TASK TO COMPLETE
From the listing below, restate word for word the lines from the line containing "Personalised Blue Superhero" down through the line containing "Splatter | ||". Exclude pictures.

= = =

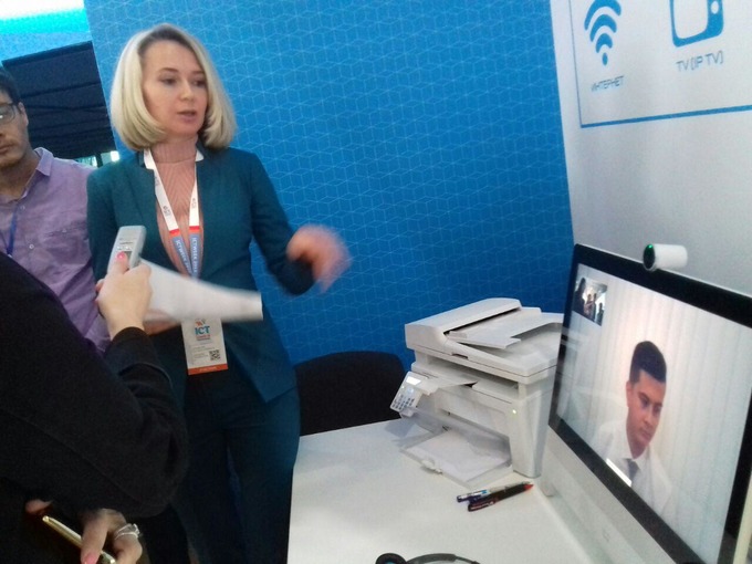 На стенде «Узбектелеком» посетители могли протестировать пилотный проект компании «Дистанционный офис продаж». На небольшом столе установлено два монитора, многофункциональный принтер и наушники. По видеозвонку абонент связывается с оператором, который находится в едином контакт-центре в Ташкенте и получает услуги, которые предоставляются в офисах «Узбектелекома».
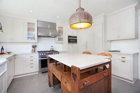 Designed especially in the historic community of Mission Hills, we made every effort to keep with the original style of this gorgeous three-level home, built in the early 1900's. The triple casement window over the sink provides for much needed natural light. Additionally, we renovated an adjacent guest bath in similar style & design.
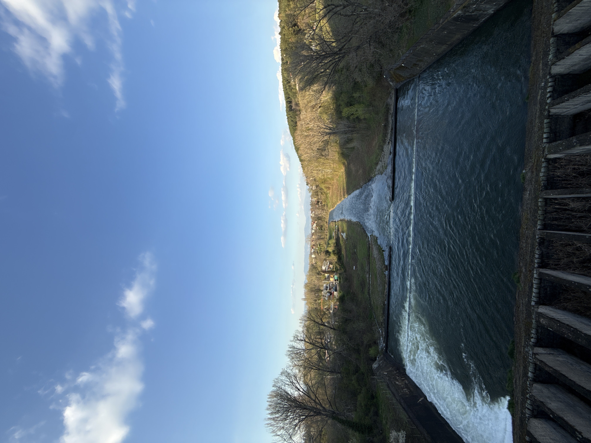 dam and spillway in Pancharevo, Bulgaria. The water is flowing over the dam into a canal that runs through a valley with trees and houses. The sky is blue with some clouds. The structure of the dam is visible, with concrete steps and walls.
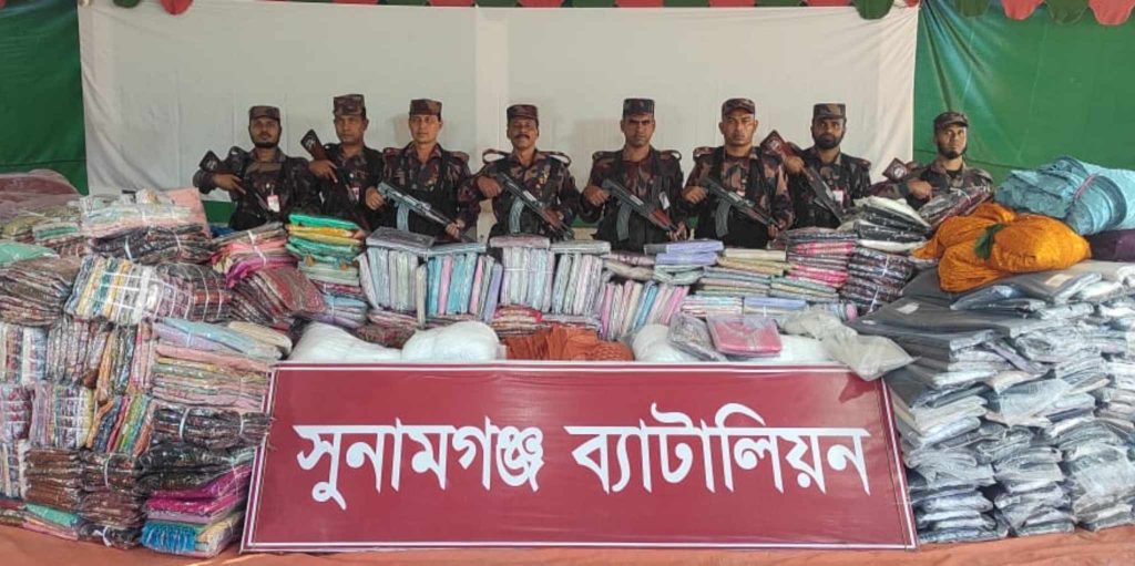 সুনামগঞ্জে প্রায় দেড়কোটি টাকার ভারতীয় বিভিন্ন পণ্য জব্দ
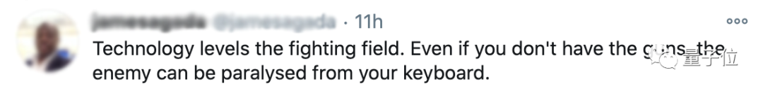 有网友看后感叹,科技升级了战场,哪怕没有枪,靠键盘就能将对手麻痹。(嗯…你指哪方面?)
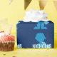 Personalised Blue Superhero Boy Silhouette Kids Wrapping Paper. Blue superhero silhouette pattern on dark blue background. Little boy silhouette has cape and boots, standing in superhero pose with hands on hips. Personalise with name in bright white in centre. Cute superhero theme pattern.
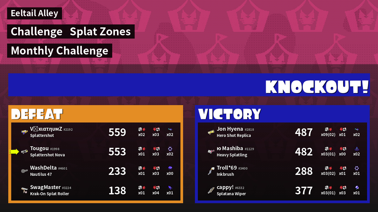 | Medals | #1 Super Jump Spot #1 Killer Wail 5.1 User #2 Overall Splatter | ||
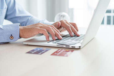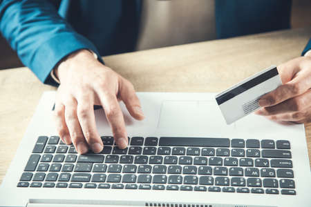 The businessman's hand is holding a credit card and using a laptop for online shopping and internet payment in the office.
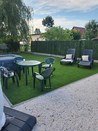 A telek magasabban húzódó hátsó udvarrészén áll egy 45 m2 alapterületű, fedett, fa vázas terasz, mely alatt egy 15 m2 hasznos alapterületű, fémszerkezetű, lakókocsiból készült mobil épület áll. Az ingatlan elektromos áram ellátása 1x16A Vezetékes ivóvíz és gáz közművek közvetlen a telek előtt az utcán elérhetők. A mobil nyaralóház vízellátását fúrt kút, míg a kert locsolását ásott kút vize biztosítja.
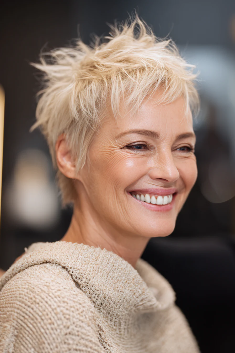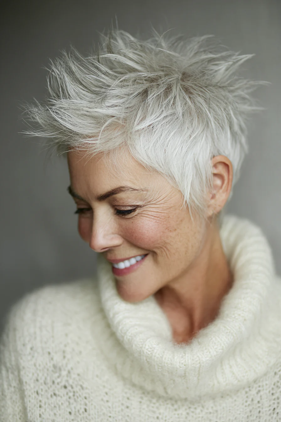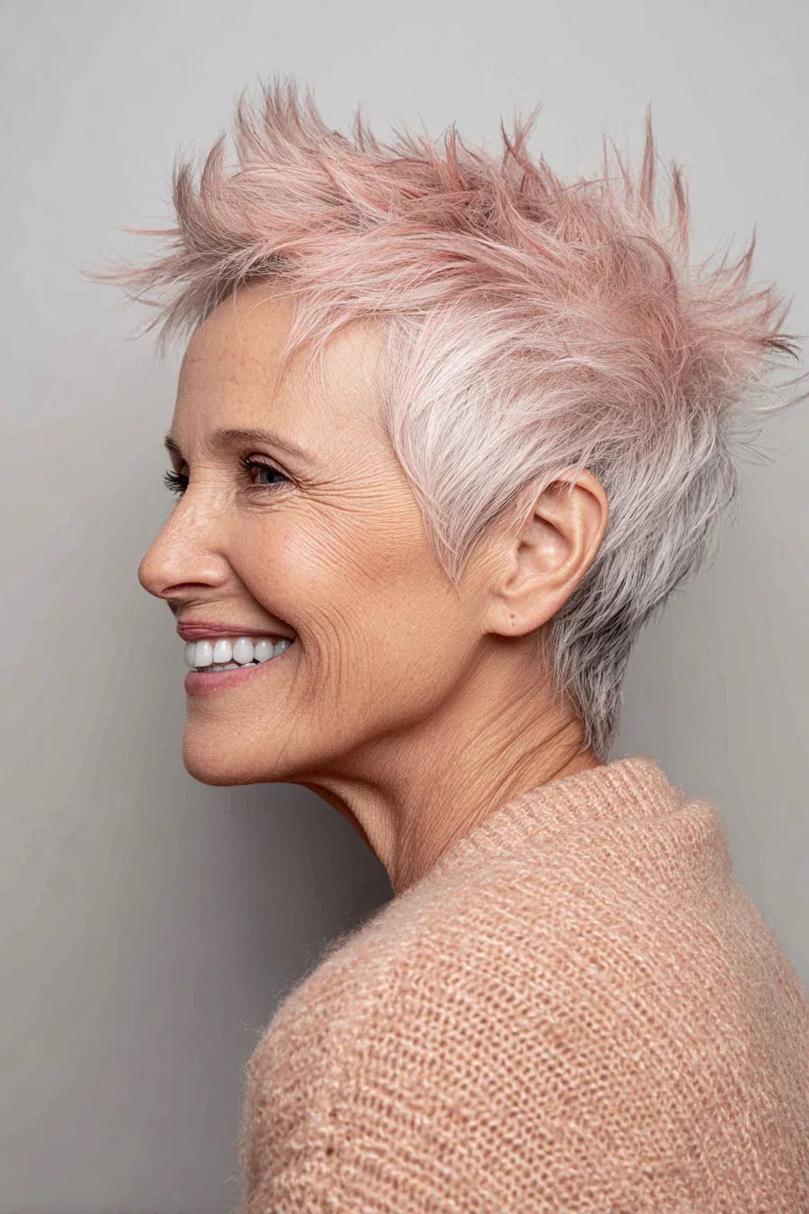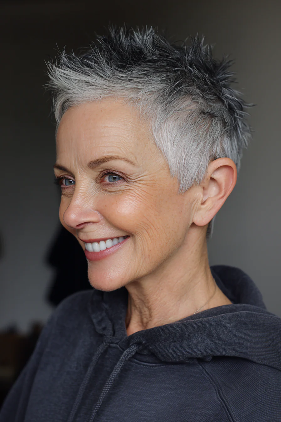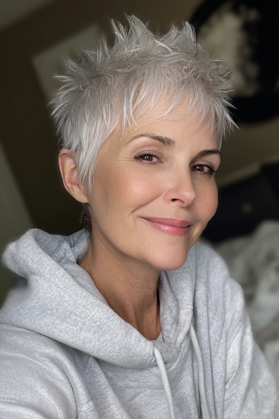 Короткие стрижки с приподнятыми прядями умеют делать то, что особенно ценно после 60: добавлять высоту там, где волосы начинают терять объём, и убирать лишний вес там, где он утяжеляет черты. Они практичны, но не скучны. Структурные, но живые. И, что важно, ускоряют утренние сборы, потому что выглядят «уложенными» даже в расслабленном варианте.
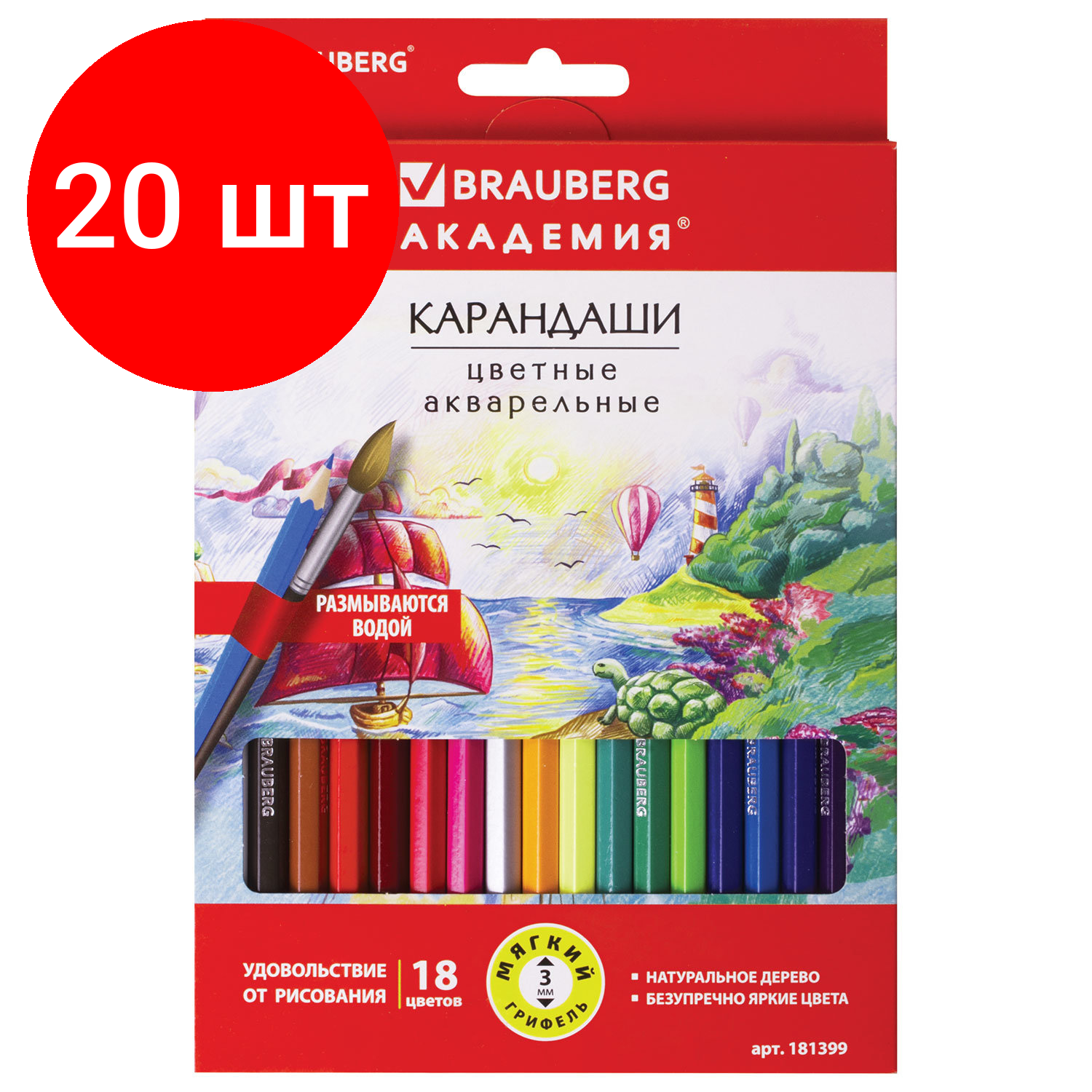 Комплект 20 шт, Карандаши цветные акварельные BRAUBERG "академия", 18 цветов, шестигранные, высокое качество, 181399 информация:

= = =

EXPECTED ANSWER
 Personalised Blue Superhero Boy Silhouette Kids Wrapping Paper. Blue superhero silhouette pattern on dark blue background. Little boy silhouette has cape and boots, standing in superhero pose with hands on hips. Personalise with name in bright white in centre. Cute superhero theme pattern.
 | Medals | #1 Super Jump Spot #1 Killer Wail 5.1 User #2 Overall Splatter | ||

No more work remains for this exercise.